Various commentators such as Garrett Epps, Mark Tushnet, and recent guest-blogger Josh Blackman argue that there is a generational divide among right of center jurists between Reaganite advocates of “judicial restraint” and later, more libertarian figures who are less willing to defer to legislatures and more eager to strike down laws they consider unconstitutional. They argue that this divide is exemplified by the the Supreme Court’s decision in NFIB v. Sebelius, where Chief Justice John Roberts voted to uphold the individual health insurance mandate as a tax, while other conservative justices voted to strike it down. As Epps puts it, Roberts voted the way he did because “his is the conservatism of the 1980s rather than the new, more aggressive version minted for the Age of Obama.” As a veteran of the Reagan-era Justice Department, Roberts supposedly imbibed the ideology of judicial restraint, from which later conservatives have departed.
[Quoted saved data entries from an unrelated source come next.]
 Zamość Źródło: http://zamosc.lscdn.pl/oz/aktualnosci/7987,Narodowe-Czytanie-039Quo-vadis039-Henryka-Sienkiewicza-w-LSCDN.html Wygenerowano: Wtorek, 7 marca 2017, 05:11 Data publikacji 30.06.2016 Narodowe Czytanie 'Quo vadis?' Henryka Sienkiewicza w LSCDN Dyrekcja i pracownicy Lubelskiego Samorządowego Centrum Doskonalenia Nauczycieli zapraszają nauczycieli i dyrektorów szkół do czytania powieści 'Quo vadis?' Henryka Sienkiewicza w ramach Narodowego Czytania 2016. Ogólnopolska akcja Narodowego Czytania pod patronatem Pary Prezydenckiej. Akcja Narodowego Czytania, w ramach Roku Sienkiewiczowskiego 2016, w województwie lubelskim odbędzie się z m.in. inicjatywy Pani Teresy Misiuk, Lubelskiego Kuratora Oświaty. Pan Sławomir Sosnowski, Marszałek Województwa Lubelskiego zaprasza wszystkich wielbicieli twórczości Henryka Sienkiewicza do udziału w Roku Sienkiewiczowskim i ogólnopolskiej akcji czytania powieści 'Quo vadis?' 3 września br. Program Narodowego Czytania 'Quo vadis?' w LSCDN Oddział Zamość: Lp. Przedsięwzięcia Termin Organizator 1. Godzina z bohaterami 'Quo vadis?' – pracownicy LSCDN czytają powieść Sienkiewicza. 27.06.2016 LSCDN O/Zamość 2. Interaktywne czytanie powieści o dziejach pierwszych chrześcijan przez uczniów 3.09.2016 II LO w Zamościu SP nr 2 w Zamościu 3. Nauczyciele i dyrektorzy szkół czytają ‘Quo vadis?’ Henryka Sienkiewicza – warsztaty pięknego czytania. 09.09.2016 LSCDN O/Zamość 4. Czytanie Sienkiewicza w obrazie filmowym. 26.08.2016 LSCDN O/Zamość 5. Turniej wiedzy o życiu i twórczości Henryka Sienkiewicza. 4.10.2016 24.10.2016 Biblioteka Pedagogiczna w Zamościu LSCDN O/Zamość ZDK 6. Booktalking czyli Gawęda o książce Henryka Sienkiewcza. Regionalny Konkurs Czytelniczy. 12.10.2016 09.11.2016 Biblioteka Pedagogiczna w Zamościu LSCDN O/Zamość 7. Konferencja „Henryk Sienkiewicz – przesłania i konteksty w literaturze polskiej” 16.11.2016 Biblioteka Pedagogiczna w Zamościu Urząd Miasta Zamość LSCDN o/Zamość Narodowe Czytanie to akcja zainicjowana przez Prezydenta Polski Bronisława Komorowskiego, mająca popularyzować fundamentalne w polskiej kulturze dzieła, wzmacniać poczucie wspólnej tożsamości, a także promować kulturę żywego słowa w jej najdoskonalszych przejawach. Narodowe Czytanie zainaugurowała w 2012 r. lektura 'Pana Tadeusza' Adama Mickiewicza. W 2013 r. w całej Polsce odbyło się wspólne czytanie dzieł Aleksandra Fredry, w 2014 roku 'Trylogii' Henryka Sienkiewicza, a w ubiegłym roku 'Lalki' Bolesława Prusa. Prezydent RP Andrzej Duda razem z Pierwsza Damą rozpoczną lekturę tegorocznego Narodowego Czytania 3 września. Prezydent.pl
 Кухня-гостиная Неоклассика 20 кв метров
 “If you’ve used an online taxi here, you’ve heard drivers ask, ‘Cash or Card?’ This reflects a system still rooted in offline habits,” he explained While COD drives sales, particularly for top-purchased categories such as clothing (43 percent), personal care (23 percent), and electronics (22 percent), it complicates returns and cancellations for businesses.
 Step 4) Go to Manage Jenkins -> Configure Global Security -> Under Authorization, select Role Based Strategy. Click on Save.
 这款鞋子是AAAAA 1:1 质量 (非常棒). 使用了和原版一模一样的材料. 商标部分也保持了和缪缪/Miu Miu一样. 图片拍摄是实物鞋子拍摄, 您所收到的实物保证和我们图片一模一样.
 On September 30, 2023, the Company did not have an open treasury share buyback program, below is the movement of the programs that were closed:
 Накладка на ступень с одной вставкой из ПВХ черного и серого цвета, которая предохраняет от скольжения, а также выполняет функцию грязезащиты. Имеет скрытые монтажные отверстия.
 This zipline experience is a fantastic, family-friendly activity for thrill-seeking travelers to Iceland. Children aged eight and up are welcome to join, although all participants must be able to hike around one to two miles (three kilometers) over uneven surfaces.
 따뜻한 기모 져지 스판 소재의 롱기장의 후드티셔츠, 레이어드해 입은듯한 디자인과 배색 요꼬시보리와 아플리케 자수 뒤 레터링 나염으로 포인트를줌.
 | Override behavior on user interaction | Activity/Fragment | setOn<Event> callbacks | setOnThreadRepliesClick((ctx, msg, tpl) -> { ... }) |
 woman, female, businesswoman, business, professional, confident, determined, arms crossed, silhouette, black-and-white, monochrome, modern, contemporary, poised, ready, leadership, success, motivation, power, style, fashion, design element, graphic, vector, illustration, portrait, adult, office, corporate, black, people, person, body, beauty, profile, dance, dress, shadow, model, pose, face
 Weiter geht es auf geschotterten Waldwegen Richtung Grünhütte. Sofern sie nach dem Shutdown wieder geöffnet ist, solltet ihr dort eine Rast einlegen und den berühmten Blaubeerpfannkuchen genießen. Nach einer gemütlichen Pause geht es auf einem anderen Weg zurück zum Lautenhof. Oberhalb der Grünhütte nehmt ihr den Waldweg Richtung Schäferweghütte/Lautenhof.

I. Federalism and Reagan’s Judicial Appointees.
This thesis fundamentally misconceives the dominant constitutional vision of the Reagan administration and most of the jurists associated with it. In the individual mandate case, both of the actual Reagan appointees still on the Court – Justices Antonin Scalia and Anthony Kennedy – voted to strike down the law. If they had still been on the Court, Reagan’s two other appointees, Sandra Day O’Connor and William Rehnquist (whom Reagan promoted to Chief Justice), would likely have voted the same way, based on their longstanding advocacy of strong judicial enforcement of limits on federal power and their dissents in Gonzales v. Raich (in which case Scalia and Kennedy voted to uphold the law).
Reagan also nominated numerous leading libertarians and pro-federalism conservatives to the lower courts, including such well-known libertarian and libertarian-leaning jurists as Alex Koziniski, Douglas Ginsburg, Stephen Williams, Jerry Smith, and [...]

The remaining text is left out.